An Asian woman applying a cream under her eyes

Milia under eyes occur when keratin becomes trapped underneath the skin. The “keratin plugs” form hard cysts called milia, also known as “milk spots,” commonly found under the eyes, around the lips, on the cheeks, and on the forehead. These small white or sometimes flesh-colored bumps can sometimes look like whiteheads, are rough to the touch, and can be itchy. They’re not harmful or infectious, although they do make your skin appear rough. Here’s what you can do to minimize milia.

How Keratin Becomes Trapped

Keratin is a protective protein that makes up our skin, hair, and nails, with the primary function of binding cells together. Keratin is found in large quantities in the skin, and a “plug” happens when keratin clumps with dead skin cells, blocking and surrounding a hair follicle. The resulting bump is called milia, and it’s not contagious, but it can be recurring, making the skin appear rough.

There is no single known cause why milia forms on the skin — it can be from irritation, genetics, or skin conditions such as eczema. Heavy occlusive creams and makeup products with liquid paraffin, liquid petroleum, paraffin oil, petrolatum liquid, and petroleum oil may also cause milia in milia-prone skin.

Removing Milia 

Severe cases of milia can be treated with microdermabrasion, chemical peels, or laser therapy.

Since milia isn’t a sebum plug — a pimple, whitehead, or blackhead — milia treatment involves a slightly different process. Usually, milia go away on their own without any need for intervention, but you can hasten the process by exfoliating the skin. As with all skin issues, do not attempt to extract milia or scrub them away. This will only worsen the condition. Use a toner with lactic acid and niacinamide, like POND’S Bright Beauty Pore Conditioning Toner, to soften and condition the skin by gently exfoliating the epidermis and lightening dark spots.

You can also exfoliate with gentle alpha hydroxy acids such as lactic acid or glycolic acid, often found in toners, masks, and peels to renew and brighten the skin. Salicylic acid, which is a beta hydroxy acid, also slowly exfoliates dead skin cells. A study published in the National Institutes of Health. says it may help release the trapped keratin.

Use a toner with salicylic acid if you also have oily skin or acne. POND’S Acne Clear Pore Conditioning Toner gently lifts dead skin and removes milia while treating acne deep within the pores. 

Otherwise, visit a dermatologist. For severe cases, microdermabrasion, chemical peels, or laser therapy may be recommended.

Preventing Milia

Try to avoid heavy eye creams, and don’t forget to exfoliate regularly!
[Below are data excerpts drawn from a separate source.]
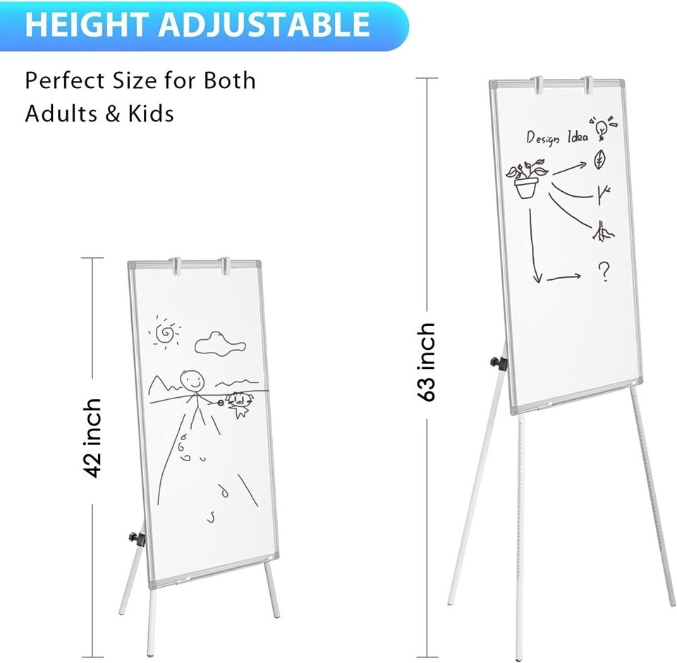 Adjustable Height: There are scale markings on the tripod legs of the flipchart easel board, which help adjust the height and balance the white board easily and accurately from 42-63 inches. Whether sitting or standing, whether kids or adults, you can find the most comfortable height you like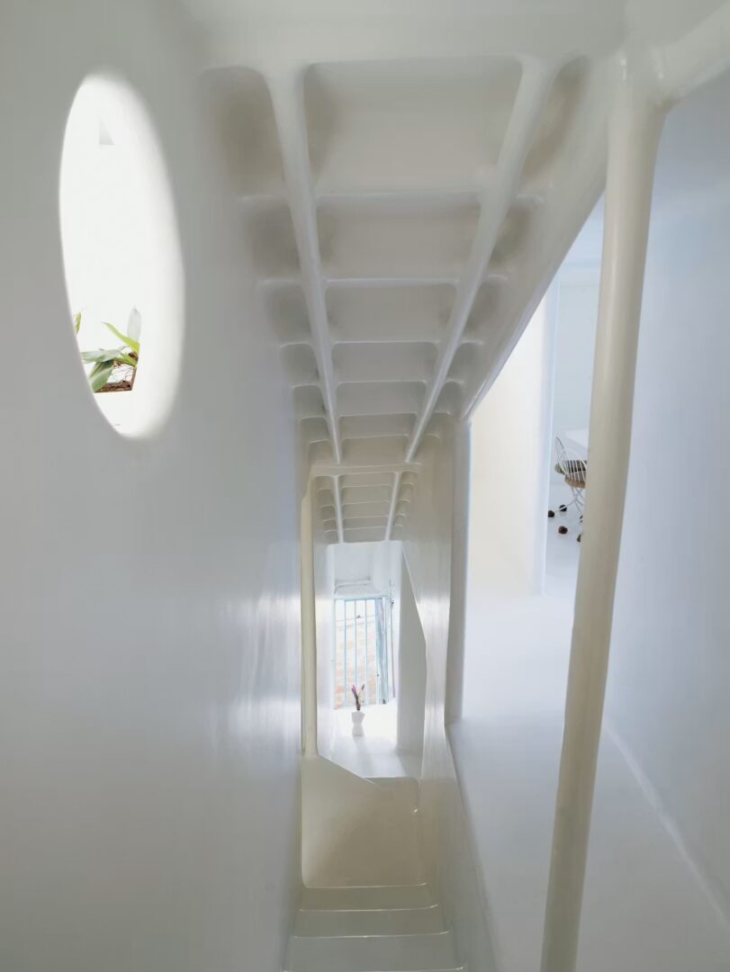 הבית נבנה בעבודת יד מטכניקת פרוצמנט (ferrocement) על גבי שלד מצינורות פלדה ממוחזרים. ייחודו טמון בכך שכל האלמנטים – קירות, ריהוט, תאורה ואף מערכות – משולבים במעטפת אורגנית אחת רציפה. המבנה עצמו מרחף מעל גג בניין בעיר, ומייצר ניגוד חד לאדריכלות המודרניסטית הרציונלית שסביבו.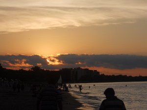 బీచ్ లో బాగా ఆడి, అలసి పోయి, తడిచి పోయి, ఇసుకలో కూర్చుని, చల్లని గాలి ఒంటికి తగులుతుండగా – అస్తమించే రవి ని చూస్తుంటే భలే ఉంటుంది ….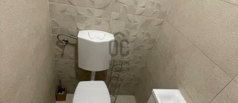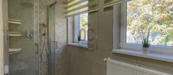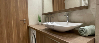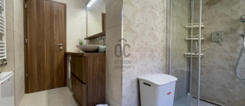 A fürdőszoba tusolóval, beépített szekrényekkel és mosógéppel ellátott.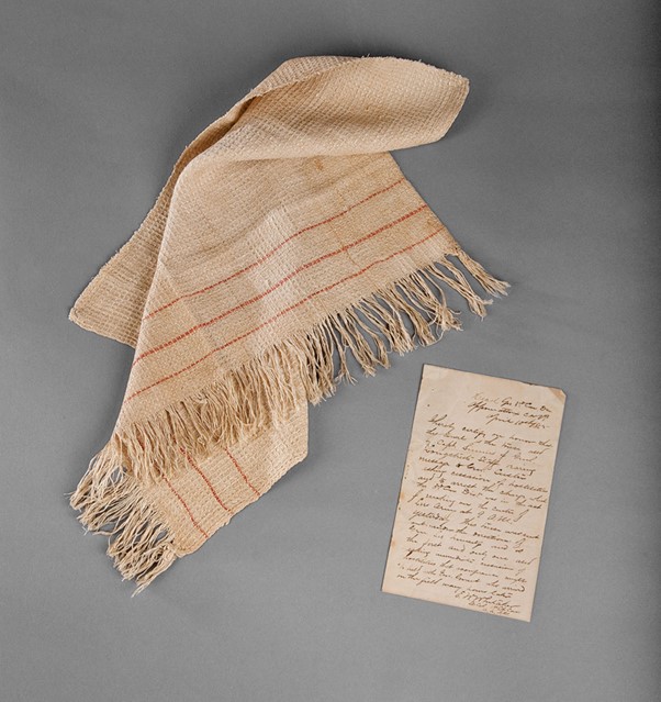 Description: In April 1865, a dishtowel was repurposed as the Confederate Flag of Truce at Appomattox, Virginia. The humble cloth ended the Civil War. It was divided in half and one half divided further. As Clark noted “The half at the Smithsonian American History Museum compelled me to make it whole, to make it a monument of peace, an antidote to the recurring symbol of the Confederate Battle flag. This divided country is in desperate need of healing its deeply festered wound. That most people do not recognise the cloth that ended the Civil War, is evidence the war never truly ended”. Sonya Clark offered this replica truce flag as a salve to the body of our nation.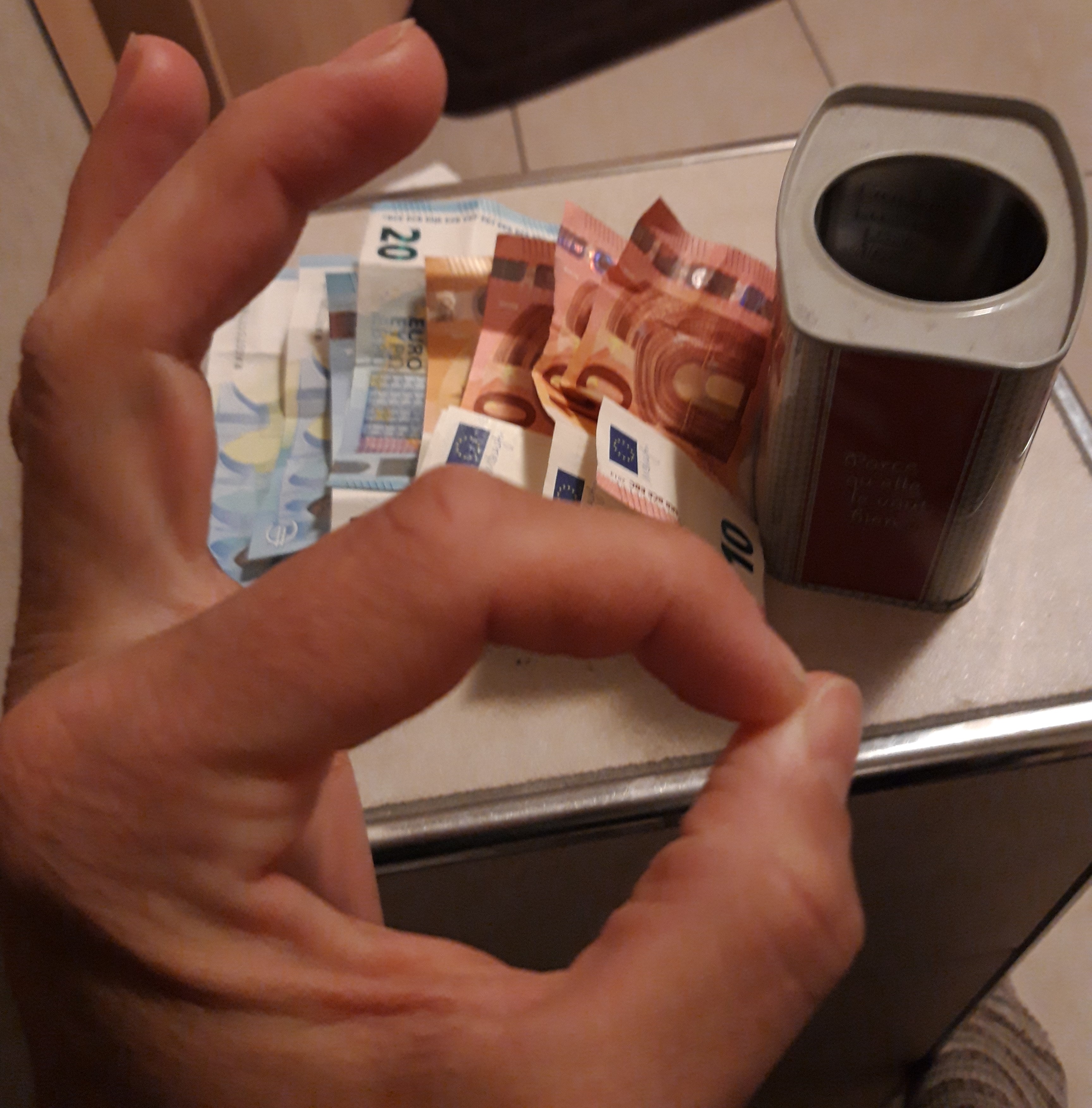 Staunend…über so viel Verdienst in meiner Haarschneidekasse! (in die nur Andi einbezahlt:))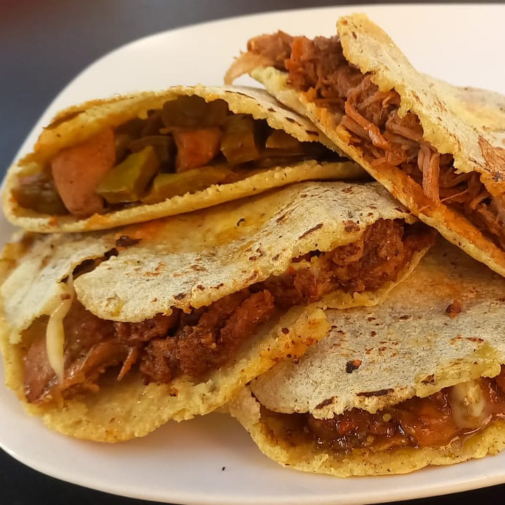 Gordita de maíz rellena con tu guisado favorito y queso monterrey.
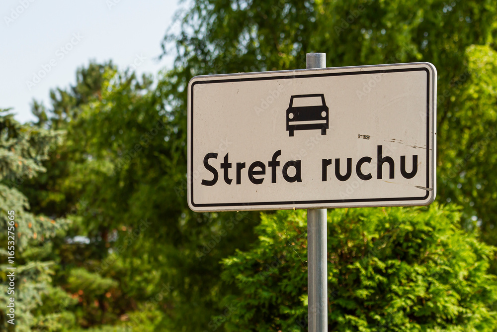Znak drogowy Strefy Ruchu Drogowego w Polsce z symbolem samochodu na zewnątrz | Polish Traffic Zone Road Sign with Car Symbol Outdoors

To prevent milia, avoid rich, occlusive eye creams that add a barrier to prevent moisture loss. Not everyone will get milia from using it, but if you are prone to getting these keratin bumps, avoid rich creams. The thinner skin around the eyes may not be able to tolerate them. You may also give your skin a little nudge when it comes to exfoliation with serums and gentle scrubs. POND’S Clear Solutions Facial Scrub has salicylic acid and lactic acid that can lift dead skin and release trapped keratin. Don’t forget to scrub gently.

Milia under eyes can be annoying, but it’s nothing to worry about, and it usually goes away on its own. If you want to speed up the process, try the products above and add regular gentle exfoliation to your skincare routine.